--- RECORDS PROVIDED ---

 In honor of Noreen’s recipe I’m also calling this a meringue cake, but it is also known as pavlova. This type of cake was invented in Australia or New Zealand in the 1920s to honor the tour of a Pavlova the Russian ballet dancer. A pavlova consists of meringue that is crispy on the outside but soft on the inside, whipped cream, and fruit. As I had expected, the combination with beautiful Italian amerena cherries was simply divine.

---
--- RECORDS PROVIDED ---

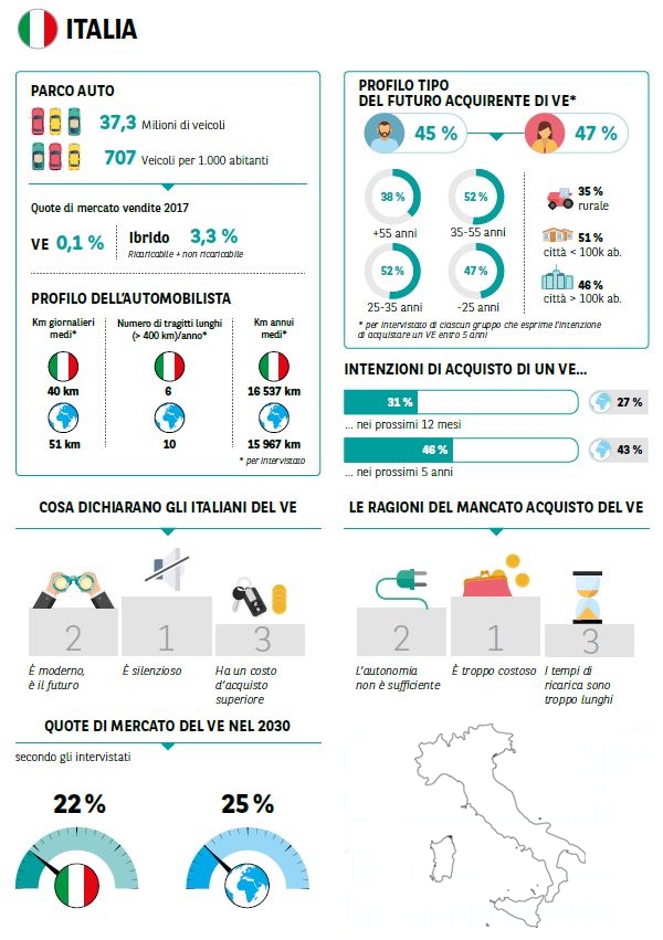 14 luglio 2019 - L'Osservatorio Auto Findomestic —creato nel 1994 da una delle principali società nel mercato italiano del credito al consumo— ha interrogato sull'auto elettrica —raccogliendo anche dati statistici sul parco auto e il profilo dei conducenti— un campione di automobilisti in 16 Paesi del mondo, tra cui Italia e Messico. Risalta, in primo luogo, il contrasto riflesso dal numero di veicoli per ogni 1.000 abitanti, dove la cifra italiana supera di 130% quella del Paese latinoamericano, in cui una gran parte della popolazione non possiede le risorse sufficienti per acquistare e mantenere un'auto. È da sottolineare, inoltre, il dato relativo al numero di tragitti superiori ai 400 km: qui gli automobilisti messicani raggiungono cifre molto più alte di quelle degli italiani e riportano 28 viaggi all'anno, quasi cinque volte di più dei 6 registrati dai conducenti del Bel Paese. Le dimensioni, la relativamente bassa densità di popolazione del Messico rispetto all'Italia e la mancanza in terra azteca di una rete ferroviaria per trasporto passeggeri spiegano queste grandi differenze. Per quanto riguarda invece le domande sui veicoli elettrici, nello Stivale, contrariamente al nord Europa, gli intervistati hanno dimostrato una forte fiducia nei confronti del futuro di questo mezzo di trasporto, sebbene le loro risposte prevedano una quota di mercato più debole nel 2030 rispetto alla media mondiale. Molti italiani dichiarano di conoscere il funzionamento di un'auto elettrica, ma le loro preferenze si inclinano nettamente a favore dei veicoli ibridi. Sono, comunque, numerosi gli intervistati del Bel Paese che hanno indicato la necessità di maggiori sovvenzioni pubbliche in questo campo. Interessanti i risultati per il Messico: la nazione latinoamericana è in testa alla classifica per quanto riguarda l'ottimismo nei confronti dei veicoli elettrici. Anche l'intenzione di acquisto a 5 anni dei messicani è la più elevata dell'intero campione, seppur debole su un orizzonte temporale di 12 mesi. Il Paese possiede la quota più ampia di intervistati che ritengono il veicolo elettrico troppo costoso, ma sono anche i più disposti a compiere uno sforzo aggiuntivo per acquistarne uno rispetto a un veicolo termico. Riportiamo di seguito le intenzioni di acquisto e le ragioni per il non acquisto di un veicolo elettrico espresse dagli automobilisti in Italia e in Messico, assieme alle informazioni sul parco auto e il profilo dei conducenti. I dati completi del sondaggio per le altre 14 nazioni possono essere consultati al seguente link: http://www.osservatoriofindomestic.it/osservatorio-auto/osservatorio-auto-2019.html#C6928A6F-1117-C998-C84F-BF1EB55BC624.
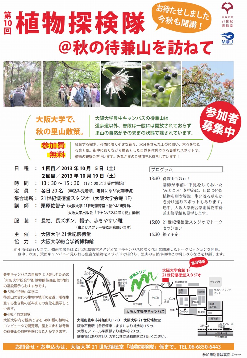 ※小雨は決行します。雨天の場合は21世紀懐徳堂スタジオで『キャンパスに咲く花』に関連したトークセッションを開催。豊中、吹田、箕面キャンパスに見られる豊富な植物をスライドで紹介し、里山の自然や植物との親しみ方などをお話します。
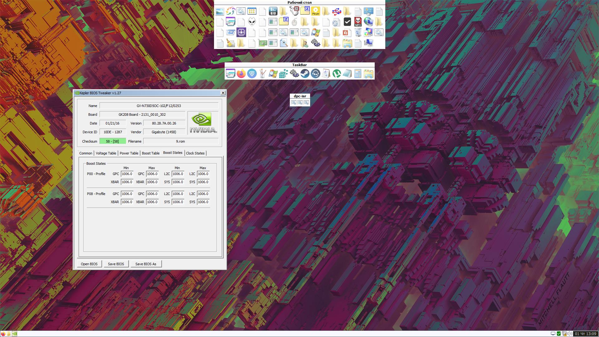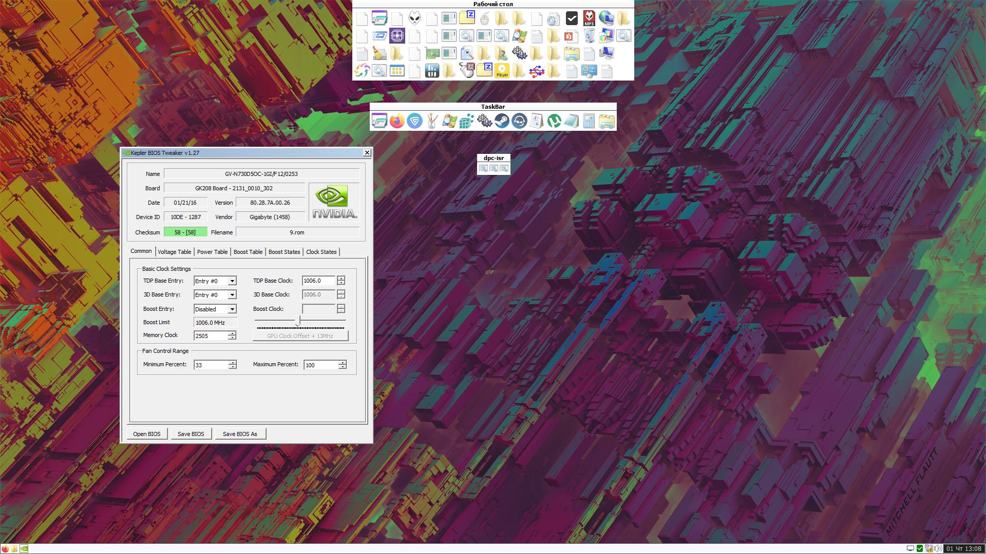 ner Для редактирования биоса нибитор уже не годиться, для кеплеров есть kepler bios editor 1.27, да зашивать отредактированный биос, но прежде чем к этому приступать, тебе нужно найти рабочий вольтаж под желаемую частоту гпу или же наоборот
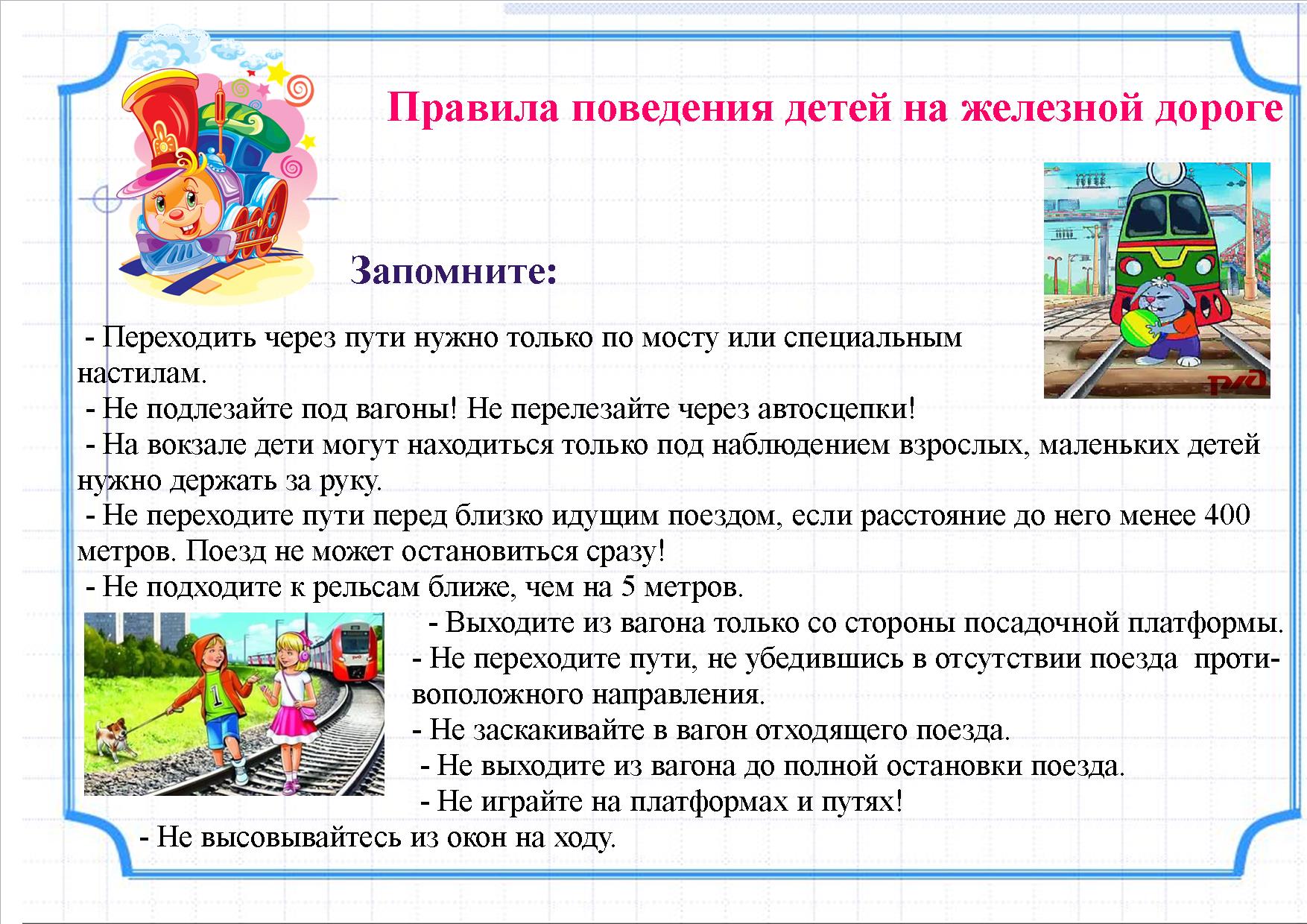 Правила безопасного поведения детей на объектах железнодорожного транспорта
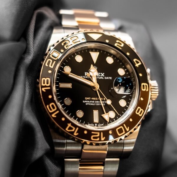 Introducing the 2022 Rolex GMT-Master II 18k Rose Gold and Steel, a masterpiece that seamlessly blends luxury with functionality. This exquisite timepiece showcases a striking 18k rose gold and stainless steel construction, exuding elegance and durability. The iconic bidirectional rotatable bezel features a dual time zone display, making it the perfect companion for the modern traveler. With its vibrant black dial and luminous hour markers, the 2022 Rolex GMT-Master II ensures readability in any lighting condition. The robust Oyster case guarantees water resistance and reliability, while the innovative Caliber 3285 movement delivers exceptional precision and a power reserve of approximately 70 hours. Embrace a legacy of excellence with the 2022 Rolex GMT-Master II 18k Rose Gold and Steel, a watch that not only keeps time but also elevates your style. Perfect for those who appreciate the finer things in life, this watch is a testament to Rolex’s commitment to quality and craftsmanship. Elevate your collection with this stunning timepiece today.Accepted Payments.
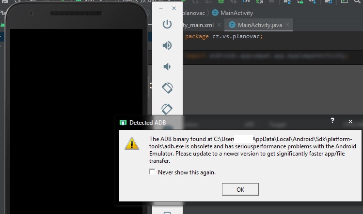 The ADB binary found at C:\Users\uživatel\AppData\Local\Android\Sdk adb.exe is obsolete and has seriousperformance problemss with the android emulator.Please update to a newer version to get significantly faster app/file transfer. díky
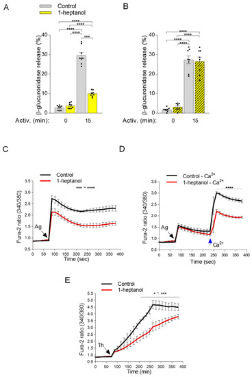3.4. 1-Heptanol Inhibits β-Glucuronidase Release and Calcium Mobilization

---

GOAL OF THE EXERCISE:
Copy exactly the part of the material above that opens with the line containing "The ADB binary" and closes with the line containing "3.4. 1-Heptanol Inhibits", ends included. Drop the images.

EXPECTED ANSWER:
 The ADB binary found at C:\Users\uživatel\AppData\Local\Android\Sdk adb.exe is obsolete and has seriousperformance problemss with the android emulator.Please update to a newer version to get significantly faster app/file transfer. díky
3.4. 1-Heptanol Inhibits β-Glucuronidase Release and Calcium Mobilization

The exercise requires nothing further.